The time crate breaking example above does not
seem nice.
The time issue is like the biggest such issue we had ever, and indeed that did
not go well. We should have given the ecosystem more time to update to newer
versions of the time crate, which would have largely mitigated the impact of
this. A mistake was made, and a *lot* of internal discussion followed to
minimize the chance of this happening again. I hope you don't take that accident
as being representative of regular Rust development.
Was it an accident? I thought the breakage was intentional,
and in line with Rust's guarantees on backwards
compatibility, since it was related to type inference,
and Rust is allowed to do breaking changes for that
according to its guarantees as I understand it.
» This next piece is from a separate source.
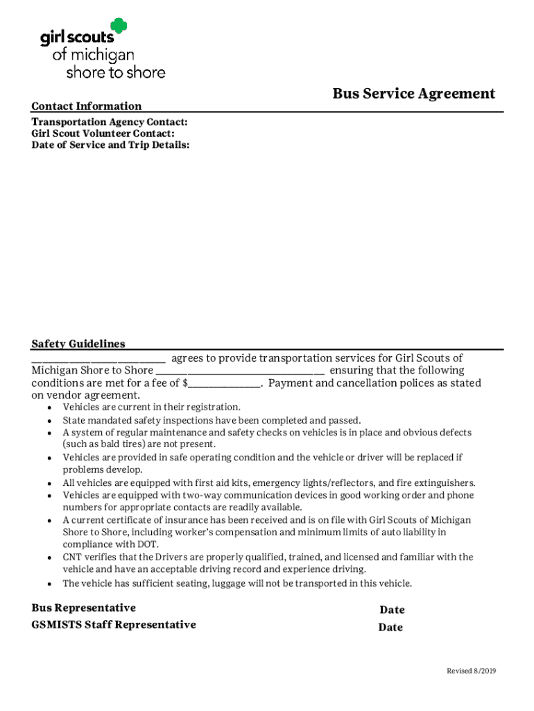 Contact Information Transportation Agency Contact:Bus Service AgreementGirl Scout Volunteer Contact: Date of Service and Trip Details:Safety Guidelines ___ agrees to provide transportation services

Or do you mean that it was an accident that better
mitigation was not done in advance, like you describe
with giving the ecosystem more time to update?
Another concern I have is with Rust editions. It is
a well defined way of having language "versions",
and it does have automated conversion tools,
and Rust libraries choose themselves which
edition of Rust that they are using, independent
of the version of the compiler.
However, there are still some significant changes
to the language between editions, and that means
that to determine the correctness of Rust code, you
must know which edition it is written for.
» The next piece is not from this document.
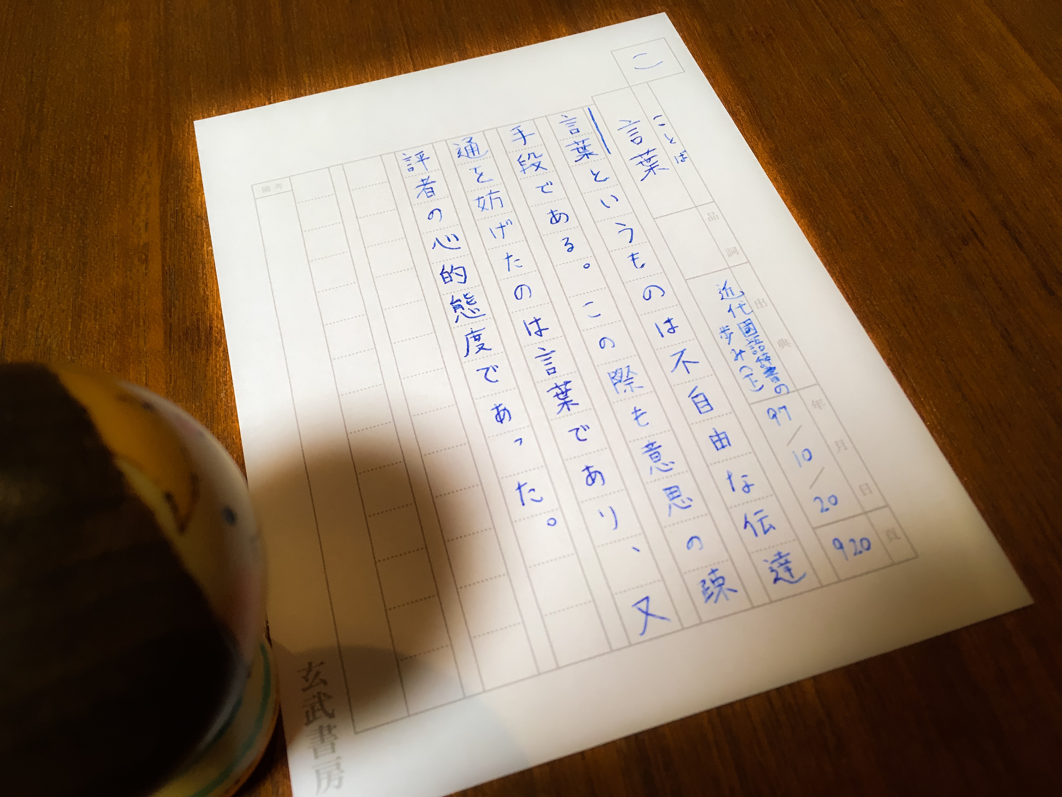 舟を編む#2:松本先生の用例カード nishinerima 2016年10月20日 舟を編む#2:松本先生の用例カード2016-11-01T00:51:22+00:00 用例カード, 舟を編む 舟を編む2話が放送されたので、松本先生にお会いして用例カードをいただいてきました。 というネタ。 出先できちんと視聴できていないので、2話については帰ったらもう少し何か書くと思います。 ちなみに海の画像は合成ではありません。こんな写真でも撮るのにけっこう苦労しています。 没ショット。風が強くてまっすぐ持てない。 (追記)予約投稿の時刻設定を誤って、2話放送前に記事が投稿されてしまったようです……現地18時投稿のつもりが日本時間18時になってしまった。¡Mierda! Related Posts 舟を編む#9:亀がかわいい 舟を編む#8:〈玄学〉のポスターから話が脱線していく 舟を編む#7:辞書の名義貸し

For instance, does this code have a deadlock?
fn f(value: &RwLock<Option<bool>>) {
if let Some(x) = *value.read().unwrap() {
println!("value is {x}");
} else {
let mut v = value.write().unwrap();
if v.is_none() {
*v = Some(true);
}
}
}
The answer is that it depends on whether it is
interpreted as being in Rust edition 2021 or
Rust edition 2024. This is not as such an
issue for upgrading, since there are automated
conversion tools. But having semantic
changes like this means that programmers must
be aware of the edition that code is written in, and
when applicable, know the different semantics of
multiple editions. Rust editions are published every 3
years, containing new semantic changes typically.
There are editions Rust 2015, Rust 2018, Rust 2021,
Rust 2024.
Best, VJ.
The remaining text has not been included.